I don't get it--why use such small (read: inefficient, noisy, whiny) propellers on an aircraft that big? It seems like you could get much better efficiency and lower noise levels with larger, slower-spinning propellers.

Also, why does it need to have a separate set of propellers for each flight mode? A design similar to the Convair XFY-1 Pogo seems like a much better design.
 
https://www.abc.net.au/news/2018-11...y-service-divides-canberra-residents/10484044

Chief Minister Andrew Barr told ABC Radio Canberra the service and the trial were not regulated by the ACT Government, but suggested any noise created by them was no different to other residential sounds such as lawnmowers.

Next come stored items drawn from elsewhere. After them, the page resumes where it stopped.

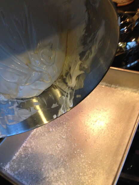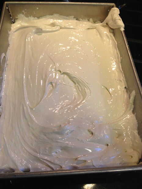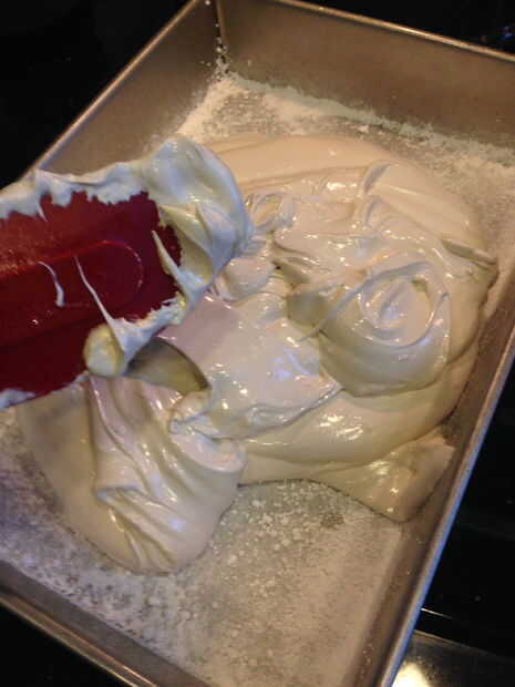 Utilice la espátula para cada posible poco, retire del recipiente y hacer el malvavisco como uniformemente extendido como sea posible.
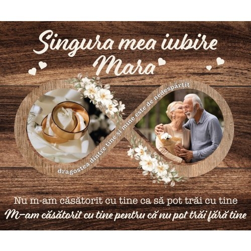 Tablou canvas personalizat cu două poze și nume – Singura mea iubire
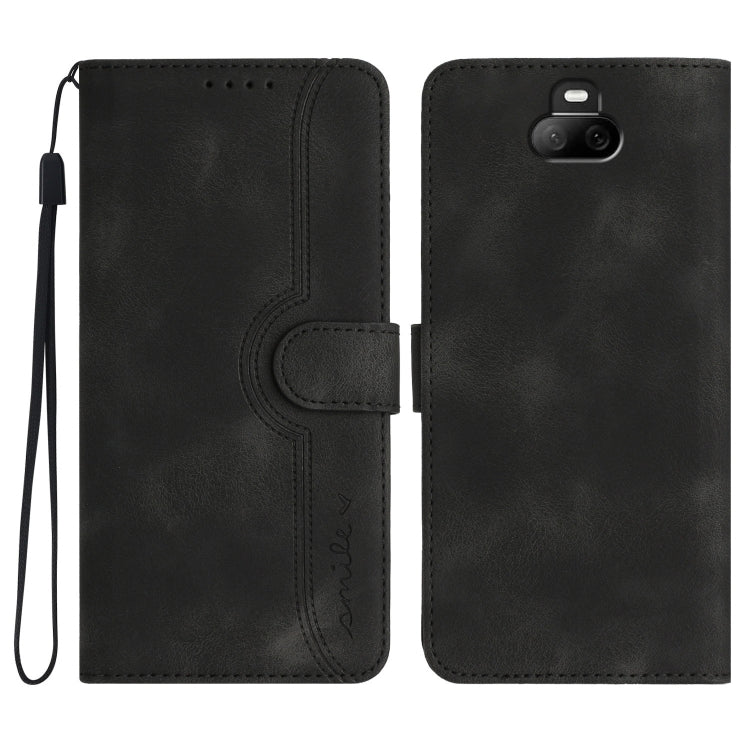 Funda de Cuero para Sony Xperia 20 con Patrón de Corazón y Sensación de Piel (Negro)

"I would say Canberra generally leans positively towards any new technology," he said.

"If there is a view that noisy activities should be further restricted, then people won't be able to mow their lawns outside of approved hours because a lawnmower engine is as noisy and irritating to neighbours as a drone engine can be."

But according to anti-drone residents, the two were not comparable.

"I would suggest that if other residents heard 40 lawnmowers flying overhead they would be as distressed as we are about the drones," Irena said.

Robyn said she came across a World War II veteran living in Bonython who had been traumatised by the sound of a drone, which reminded him of war-time aircraft.

Another woman, she claimed, suffered from migraines and was concerned they would be worsened by the noise.

I'm always pretty sceptical over things like wind farms making people crap their pants or grow tumours. But it does sound like a poor implementation with a rather dismissive attitude towards "well what about the noise pollution".